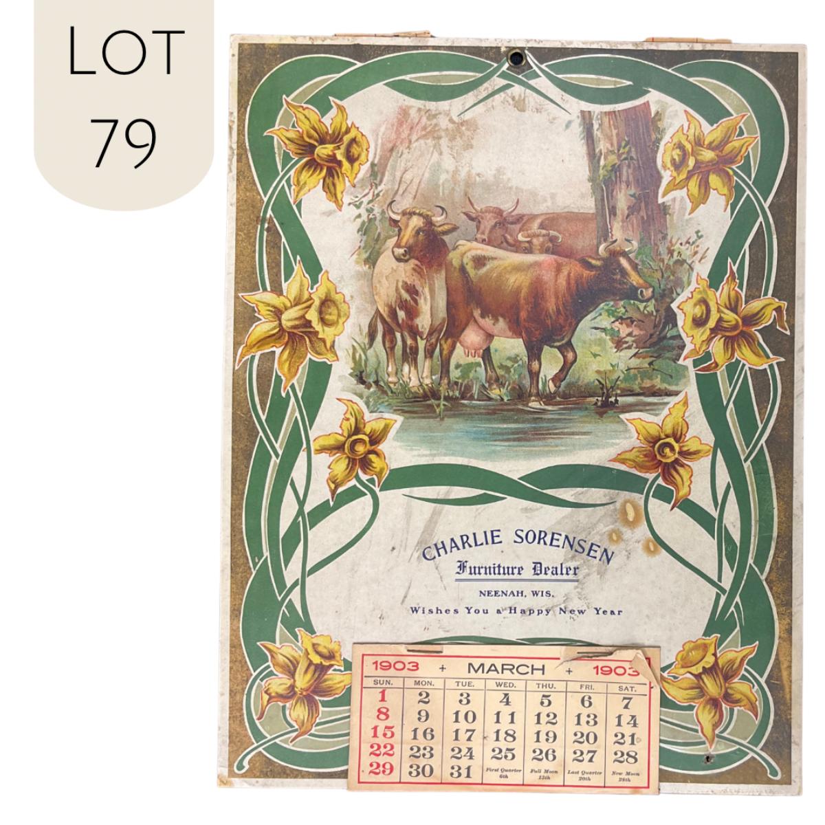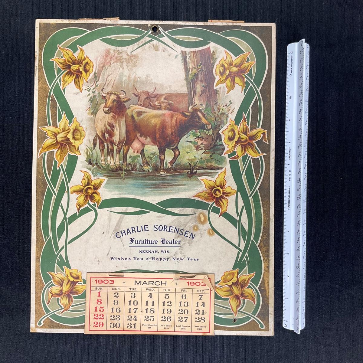 This calendar is Compliments of Charlie Sorensen, a Furniture Dealer wishing you a Happy New Year! This calendar has a floral border with cows heading into a stream as the main feature. This calendar is incomplete, showing March 1903. The calendar measures 10 3/4" x 14". **|** Please see photos for details and condition. ::: Shipping is available on this lot. If you require shipping you must let us know at the close of the auction. We will coordinate with you after the item has been won. Shipping fees will include insurance up to or exceeding the value of all items being mailed. If you have any questions regarding this lot please contact the auctioneer either via this website, by direct email or by phone. PICK UP TIMES and other important information can be found in the TERMS and DESCRIPTION of the auction. Please take a look for pertinent information. Thanks!
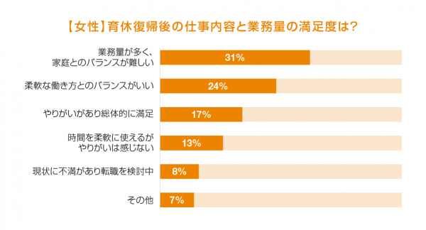 育休取得者の職場復帰後の仕事内容の変化については、「変化なし」は6割、「転職をした」は21%、「意図せずに違う職務についた」が15%でした。一方、育休復帰後の仕事内容と業務量の満足度に対しては、あわせて41%が「柔軟な働き方ができておりバランスがいい」、または「やりがいに満足している」と回答。「やりがいはあるが業務量が多く、家庭とのバランスが難しい」と答えたのは31%、「時間は柔軟に使えているが、やりがいはあまりない」は13%でした。
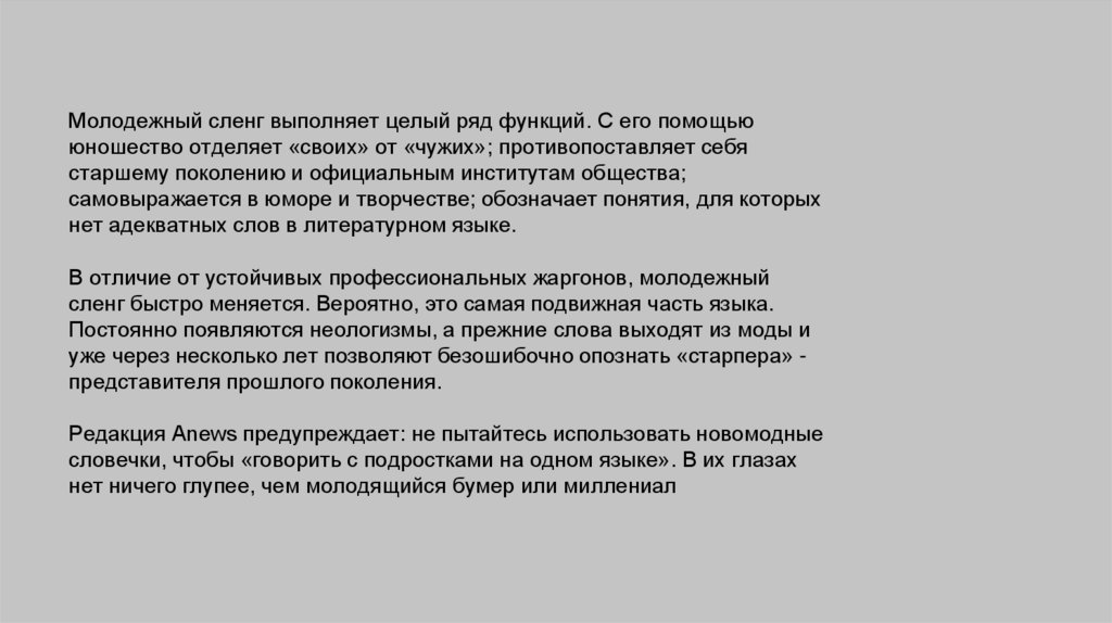 Молодежный сленг выполняет целый ряд функций. С его помощьююношество отделяет «своих» от «чужих»; противопоставляет себя
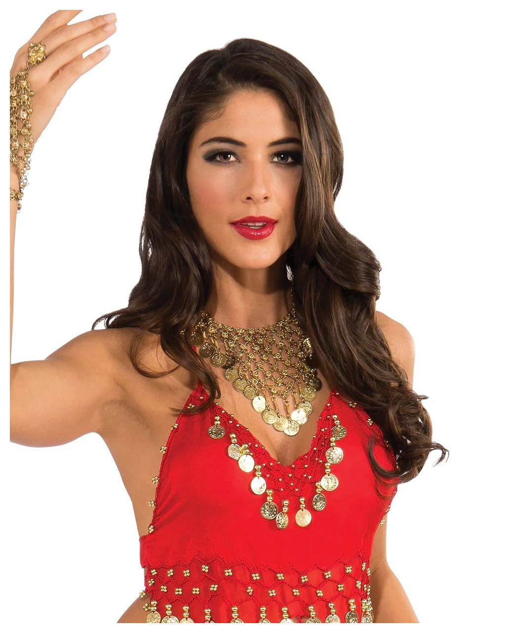 Exotisches Bauchtänzerin Kostüm mit Münzen rot
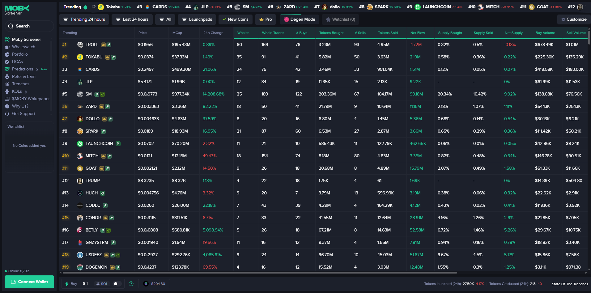 MobyScreener privilégie la vitesse et la clarté — ouvrez une page token, voyez l’essentiel, et agissez rapidement si vous le souhaitez.
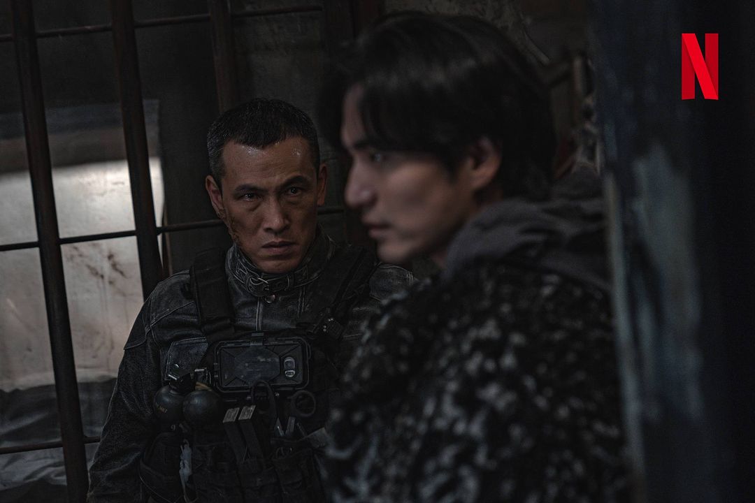 Sweet Home S3(L to R) Oh Jung-se as Dr. Lim, Yoo Oh-seong as Master Sergeant Tak in Sweet Home S3. Cr. Kim Jeong Won/Netflix © 2024
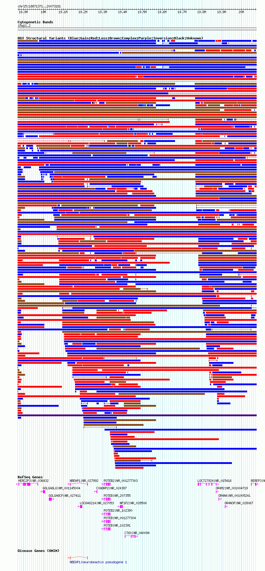 Variant DetailsVariant: nsv1038959| Internal ID | 19128178 | | Landmark | | | Location Information | | | Cytoband | 15q11.1 | | Allele length | | Assembly | Allele length | | hg38 | 1877763 | | hg19 | 1960461 | | hg18 | 1201811 |
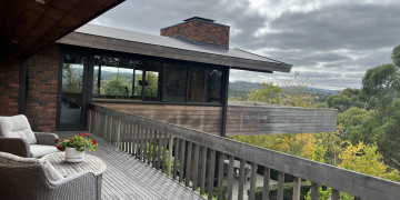 Set within 7.5 acres of serene apple orchard, Taliesin offers a stunning blend of architectural design and natural beauty. Backing onto the picturesque Lysterfield Park, this double-story home is a masterful nod to Frank Lloyd Wright’s design philosophy, with its striking cantilevered deck, clean lines, and seamless connection to the surrounding landscape.

* * * * * * * * *

-- EXERCISE OBJECTIVE --
From the line with "育休取得者の職場復帰後の仕事" to the last line of the material, both inclusive, set down every line exactly and nothing else; omit pictures.

-- OUTPUT OF THE EXERCISE --
 育休取得者の職場復帰後の仕事内容の変化については、「変化なし」は6割、「転職をした」は21%、「意図せずに違う職務についた」が15%でした。一方、育休復帰後の仕事内容と業務量の満足度に対しては、あわせて41%が「柔軟な働き方ができておりバランスがいい」、または「やりがいに満足している」と回答。「やりがいはあるが業務量が多く、家庭とのバランスが難しい」と答えたのは31%、「時間は柔軟に使えているが、やりがいはあまりない」は13%でした。
 Молодежный сленг выполняет целый ряд функций. С его помощьююношество отделяет «своих» от «чужих»; противопоставляет себя
 Exotisches Bauchtänzerin Kostüm mit Münzen rot
 MobyScreener privilégie la vitesse et la clarté — ouvrez une page token, voyez l’essentiel, et agissez rapidement si vous le souhaitez.
 Sweet Home S3(L to R) Oh Jung-se as Dr. Lim, Yoo Oh-seong as Master Sergeant Tak in Sweet Home S3. Cr. Kim Jeong Won/Netflix © 2024
 Variant DetailsVariant: nsv1038959| Internal ID | 19128178 | | Landmark | | | Location Information | | | Cytoband | 15q11.1 | | Allele length | | Assembly | Allele length | | hg38 | 1877763 | | hg19 | 1960461 | | hg18 | 1201811 |
 Set within 7.5 acres of serene apple orchard, Taliesin offers a stunning blend of architectural design and natural beauty. Backing onto the picturesque Lysterfield Park, this double-story home is a masterful nod to Frank Lloyd Wright’s design philosophy, with its striking cantilevered deck, clean lines, and seamless connection to the surrounding landscape.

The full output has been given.